Any one seeing her for the first time would intuitively say, "Your
ladyship." Was this a matron to be suppressed in any well-ordered
domestic circle? Sir Peter's conscience loudly answered, "No;" but
when, putting conscience into his pocket, he regarded the question at
issue as a man of the world, Sir Peter felt that to communicate the
contents of his son's letter to Lady Chillingly would be the
foolishest thing he could possibly do. Did she know that Kenelm had
absconded with the family dignity invested in his very name, no
marital authority short of such abuses of power as constitute the
offence of cruelty in a wife's action for divorce from social board
and nuptial bed could prevent Lady Chillingly from summoning all the
grooms, sending them in all directions with strict orders to bring
back the runaway dead or alive; the walls would be placarded with
hand-bills, "Strayed from his home," etc.; the police would be
telegraphing private instructions from town to town; the scandal would
stick to Kenelm Chillingly for life, accompanied with vague hints of
criminal propensities and insane hallucinations; he would be ever
afterwards pointed out as "THE MAN WHO HAD DISAPPEARED." And to
disappear and to turn up again, instead of being murdered, is the most
hateful thing a man can do: all the newspapers bark at him, "Tray,
Blanche, Sweetheart, and all;" strict explanations of the unseemly
fact of his safe existence are demanded in the name of public decorum,
and no explanations are accepted; it is life saved, character lost.

Sir Peter seized his hat and walked forth, not to deliberate whether
to fib or not to fib to the wife of his bosom, but to consider what
kind of fib would the most quickly sink into the bosom of his wife.

A few turns to and fro on the terrace sufficed for the conception and
maturing of the fib selected; a proof that Sir Peter was a practised
fibber.
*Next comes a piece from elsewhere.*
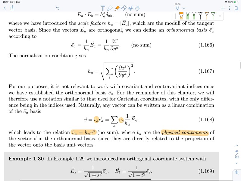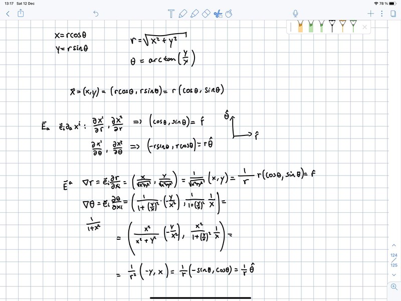 Zeshen skrev:Om (r, ) = så får vi ut hastigheten enklast i fysikaliska komponenter va? För || = och vi kan kolla på komponenterna direkt. Hur räknade du ut basen för vektorn i de olika baserna? och är normalbasen samma sak som dualbasen?
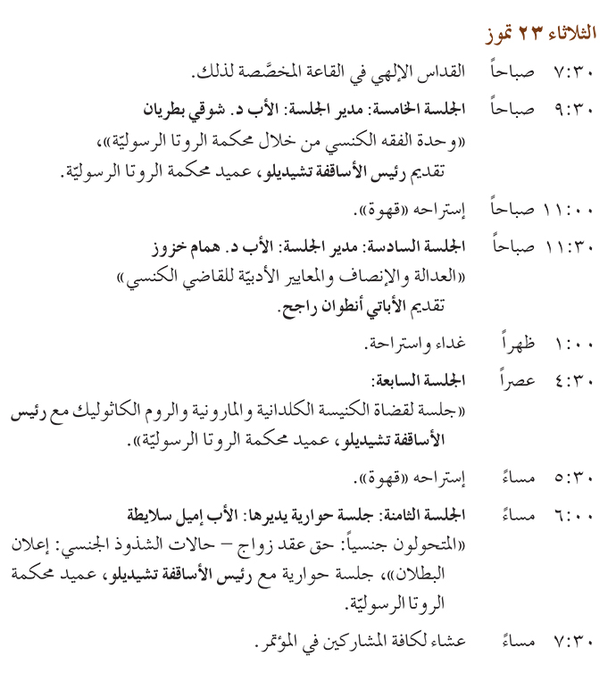 كما تتضمن ثلاث جلسات مع عميد محكمة الروتا الرسوليّة للقضاة، الأولى لقضاة محاكم الكنائس القبطيّة والأرمنيّة والسريانيّة، والثانيّة لقضاة محاكم الكنائس الكلدانيّة والمارونيّة والروم الملكيين، أما الثالثة فستكون جلسة عامة للتشاور في أمور تخص الشرق الأوسط.

He re-entered the house, passed into her ladyship's habitual
sitting-room, and said with careless gayety, "My old friend the Duke
of Clareville is just setting off on a tour to Switzerland with his
family. His youngest daughter, Lady Jane, is a pretty girl, and would
not be a bad match for Kenelm."

"Lady Jane, the youngest daughter with fair hair, whom I saw last as a
very charming child, nursing a lovely doll presented to her by the
Empress Eugenie,--a good match indeed for Kenelm."

"I am glad you agree with me. Would it not be a favourable step
towards that alliance, and an excellent thing for Kenelm generally, if
he were to visit the Continent as one of the Duke's travelling party?"

"Of course it would."

"Then you approve what I have done; the Duke starts the day after
to-morrow, and I have packed Kenelm off to town, with a letter to my
old friend. You will excuse all leave taking. You know that though
the best of sons he is an odd fellow; and seeing that I had talked him
into it, I struck while the iron was hot, and sent him off by the
express at nine o'clock this morning, for fear that if I allowed any
delay he would talk himself out of it."

"Do you mean to say Kenelm is actually gone? Good gracious."

Sir Peter stole softly from the room, and summoning his valet, said,
"I have sent Mr. Chillingly to London. Pack up the clothes he is
likely to want, so that he can have them sent at once, whenever he
writes for them."

And thus, by a judicious violation of truth on the part of his father,
that exemplary truth-teller Kenelm Chillingly saved the honour of his
house and his own reputation from the breath of scandal and the
inquisition of the police. He was not "THE MAN WHO HAD DISAPPEARED."